RECORDS:
◇ ◇ ◇

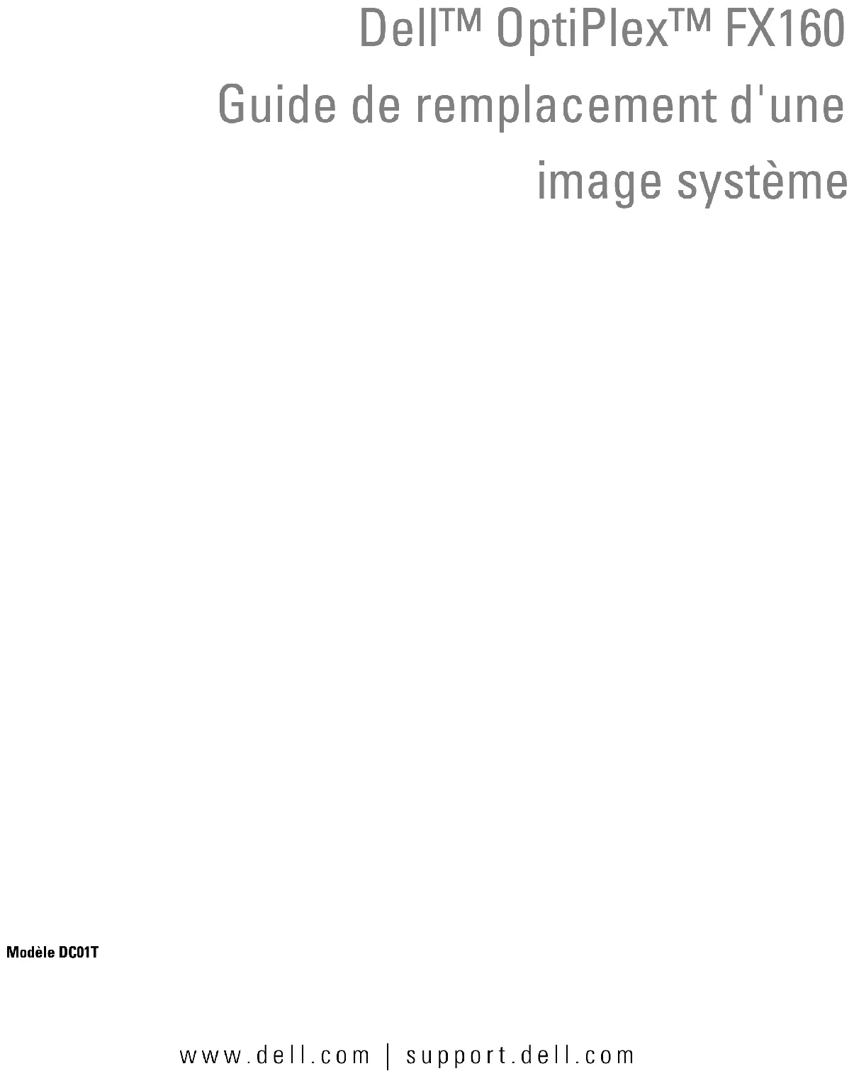 Les informations de ce document sont sujettes à modification sans préavis. © 2008 Dell Inc. Tous droits réservés. La reproduction de ce document de quelque manière que ce soit sans l'autorisation écrite de Dell Inc. est strictement interdite. Marques utilisées dans ce texte : Dell, le logo DELL et OptiPlex sont des marques de Dell Inc. ; Microsoft, Windows, Windows Vista et le logo du bouton Démarrer de Windows Vista sont des marques ou des marques déposées de Microsoft Corporation aux États-Unis et/ou dans d'autres pays. Les autres marques et noms de produits pouvant être utilisés dans ce document sont reconnus comme appartenant à leurs propriétaires respectifs. Dell Inc. rejette tout intérêt propriétaire dans les marques déposées et les noms de marques autres que les siens. Modèle DC01T Août 2008 RÉF H310K Rév. A01Guide de remplacement d'une image système - Dell™ OptiPlex™ FX160 47 Guide de remplacement d'une image système - Dell™ OptiPlex™ FX160 L'ordinateur Dell OptiPlex FX160 doté d'une carte flash/un disque dur interne est équipé d'un système d'exploitation Microsoft
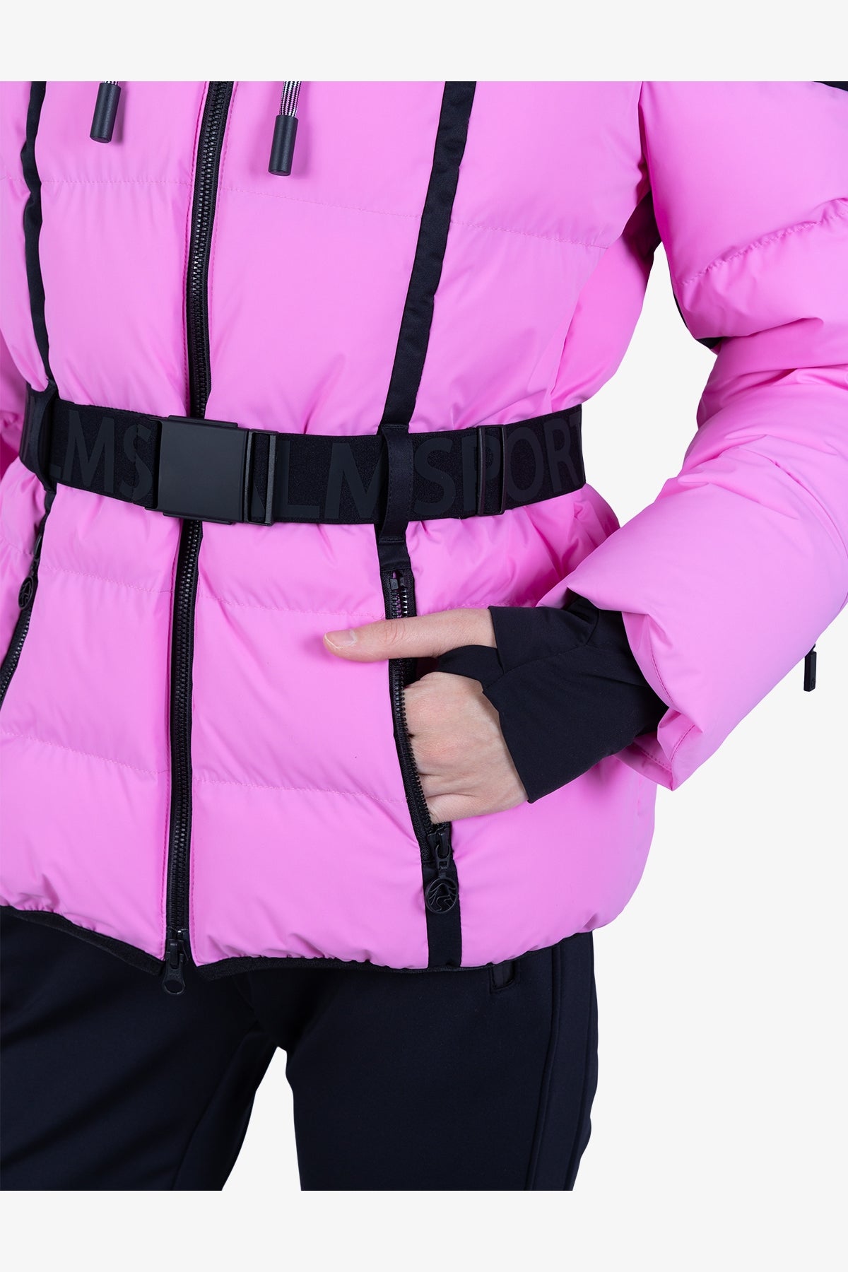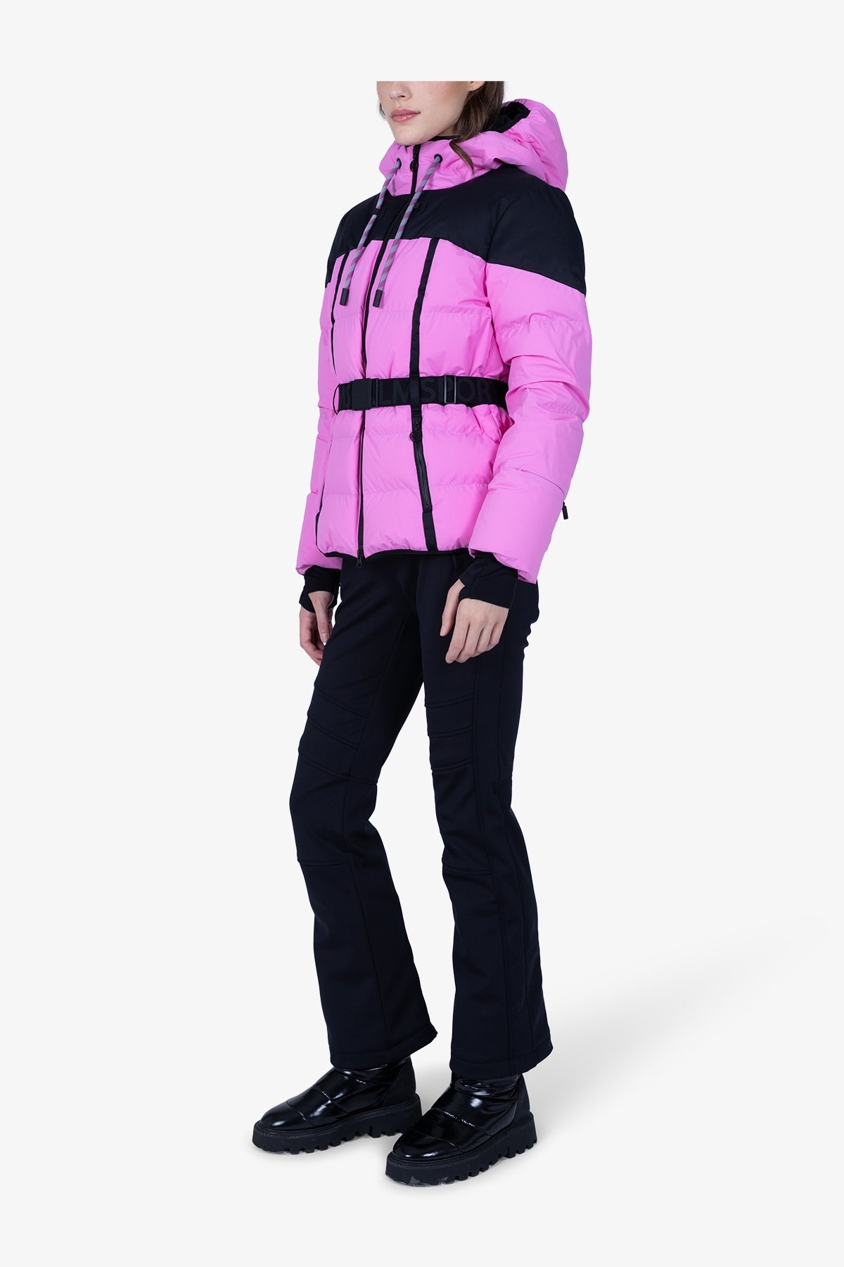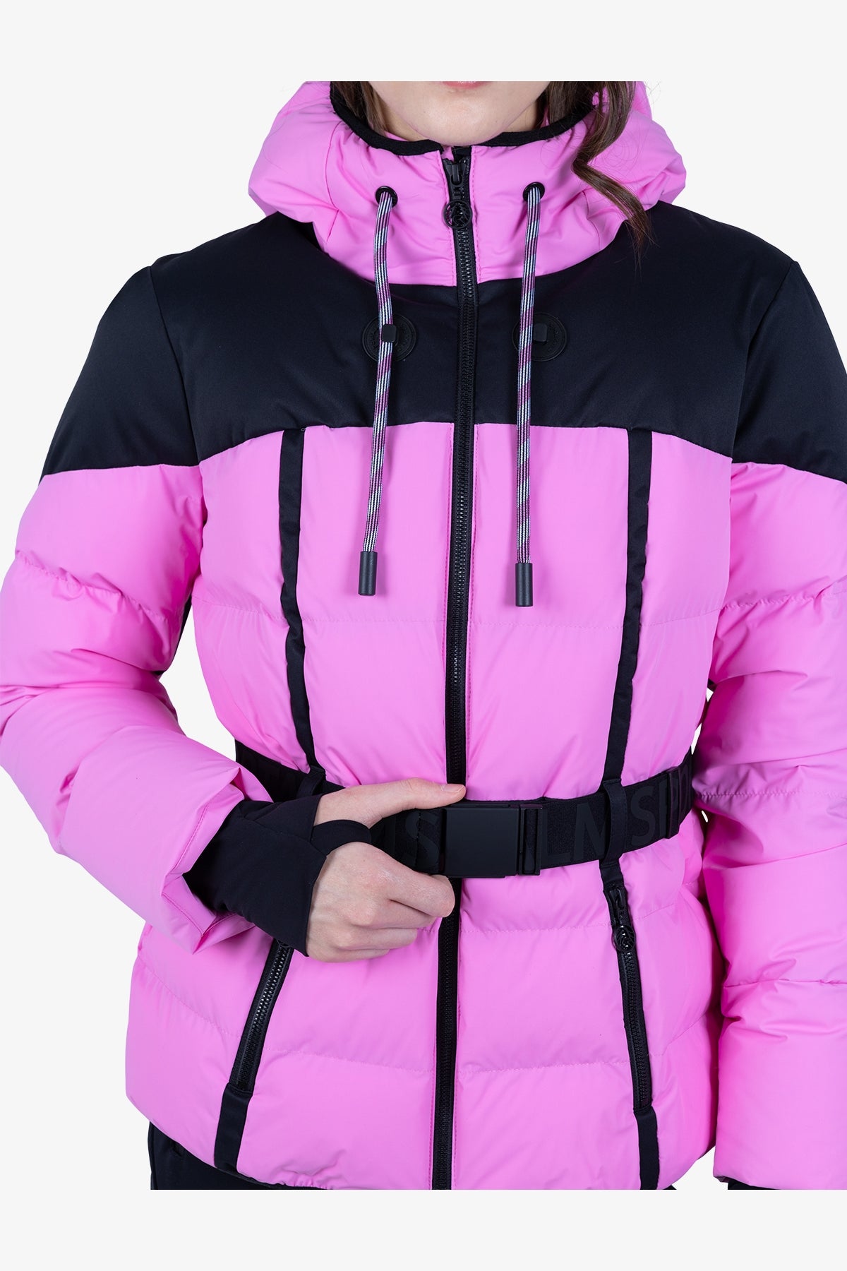 抽繩連帽撞色拼接羽絨滑雪夾克
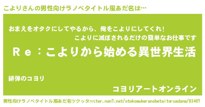 こよりさんの男性向けラノベタイトル風あだ名をツクッター!
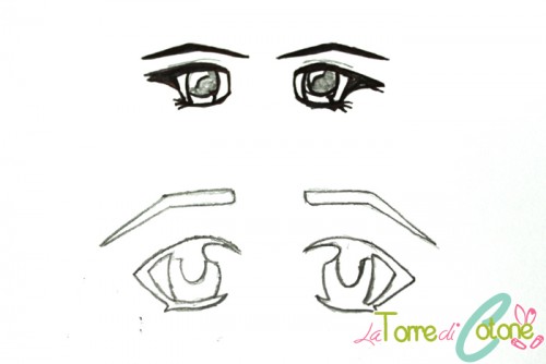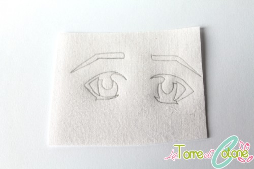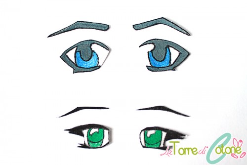 Disegnate a matita degli occhi in stile cartoon su un foglio di carta delle dimensioni che vi servono. Se non siete molto abili nel disegno, stampatene qualcuno direttamente da internet, ad esempio cercando su Google la parola “manga eyes”.
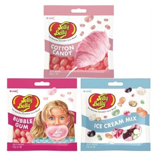 Конфеты Jelly Belly Cotton Candy 70 гр. + Bubble Gum 70 гр. + Ice Cream Mix 70 гр. (3 шт.)
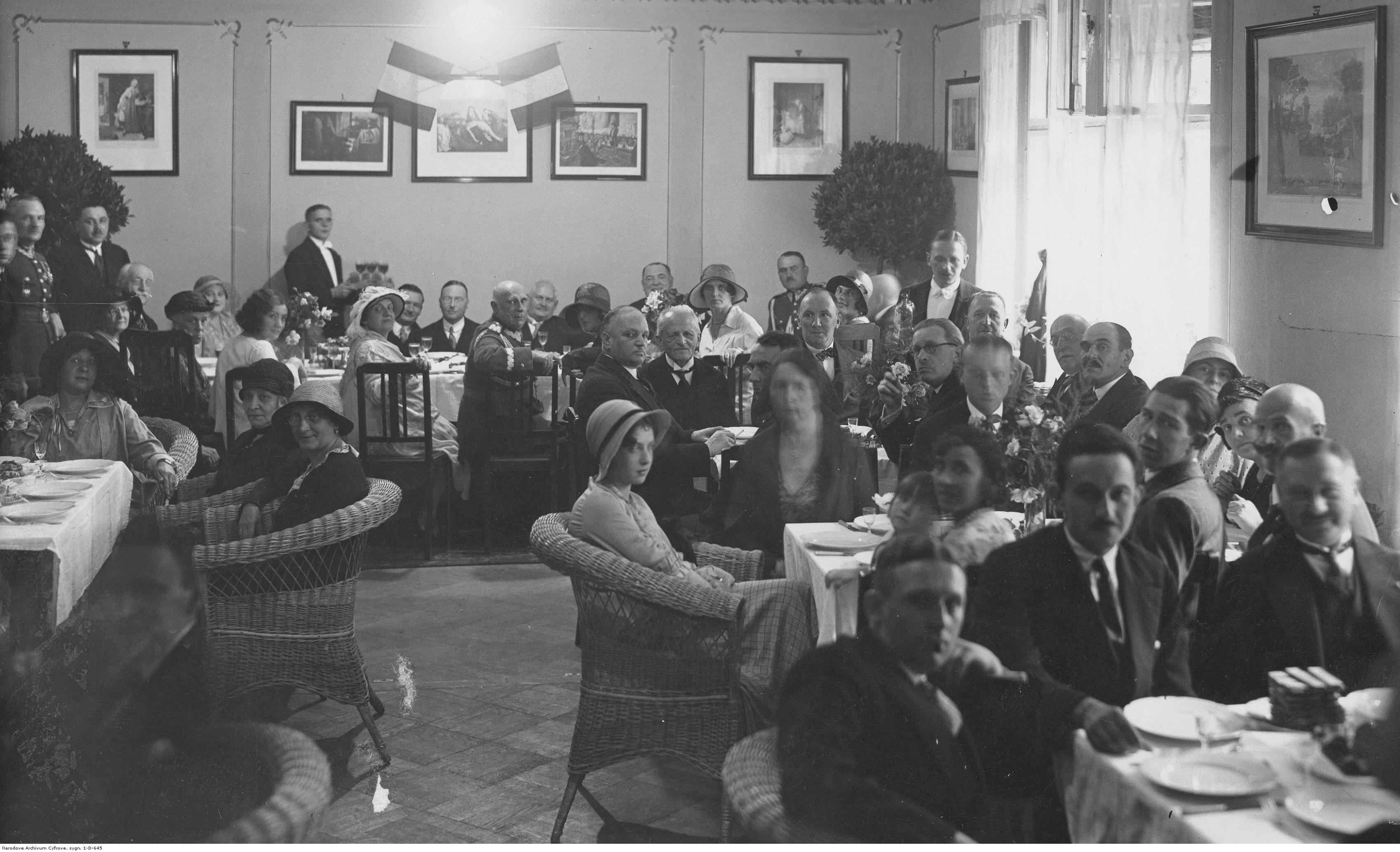 Przyjęcie wydane przez konsula Francji w Poznaniu Jean'a Jacques'a Serre w salonach Towarzystwa Polsko-Francuskiego z okazji święta narodowego Francji. Przy stołach widoczni m.in.: wojewoda poznański hr. Roger Raczyński, prezydent Poznania Cyryl Ratajski, płk Franciszek Wład, prezes Towarzystwa Polsko-Jugosłowiańskiego generał Aureli Serda-Teodorski, wiceprezes Towarzystwa Polsko-Francuskiego prof. Bronisław Dembiński, konsul Czechosłowacji w Poznaniu Zdenek Matousek, płk Rudolf Dreszer, skarbnik Towarzystwa Polsko-Francuskiego Maes oraz redaktorka Zarembina.

◇ ◇ ◇

WHAT IS NEEDED: Transcribe the listing word for word, but keep its pictures out of the copy.

REPLY TO THE TASK:
 Les informations de ce document sont sujettes à modification sans préavis. © 2008 Dell Inc. Tous droits réservés. La reproduction de ce document de quelque manière que ce soit sans l'autorisation écrite de Dell Inc. est strictement interdite. Marques utilisées dans ce texte : Dell, le logo DELL et OptiPlex sont des marques de Dell Inc. ; Microsoft, Windows, Windows Vista et le logo du bouton Démarrer de Windows Vista sont des marques ou des marques déposées de Microsoft Corporation aux États-Unis et/ou dans d'autres pays. Les autres marques et noms de produits pouvant être utilisés dans ce document sont reconnus comme appartenant à leurs propriétaires respectifs. Dell Inc. rejette tout intérêt propriétaire dans les marques déposées et les noms de marques autres que les siens. Modèle DC01T Août 2008 RÉF H310K Rév. A01Guide de remplacement d'une image système - Dell™ OptiPlex™ FX160 47 Guide de remplacement d'une image système - Dell™ OptiPlex™ FX160 L'ordinateur Dell OptiPlex FX160 doté d'une carte flash/un disque dur interne est équipé d'un système d'exploitation Microsoft
 抽繩連帽撞色拼接羽絨滑雪夾克
 こよりさんの男性向けラノベタイトル風あだ名をツクッター!
 Disegnate a matita degli occhi in stile cartoon su un foglio di carta delle dimensioni che vi servono. Se non siete molto abili nel disegno, stampatene qualcuno direttamente da internet, ad esempio cercando su Google la parola “manga eyes”.
 Конфеты Jelly Belly Cotton Candy 70 гр. + Bubble Gum 70 гр. + Ice Cream Mix 70 гр. (3 шт.)
 Przyjęcie wydane przez konsula Francji w Poznaniu Jean'a Jacques'a Serre w salonach Towarzystwa Polsko-Francuskiego z okazji święta narodowego Francji. Przy stołach widoczni m.in.: wojewoda poznański hr. Roger Raczyński, prezydent Poznania Cyryl Ratajski, płk Franciszek Wład, prezes Towarzystwa Polsko-Jugosłowiańskiego generał Aureli Serda-Teodorski, wiceprezes Towarzystwa Polsko-Francuskiego prof. Bronisław Dembiński, konsul Czechosłowacji w Poznaniu Zdenek Matousek, płk Rudolf Dreszer, skarbnik Towarzystwa Polsko-Francuskiego Maes oraz redaktorka Zarembina.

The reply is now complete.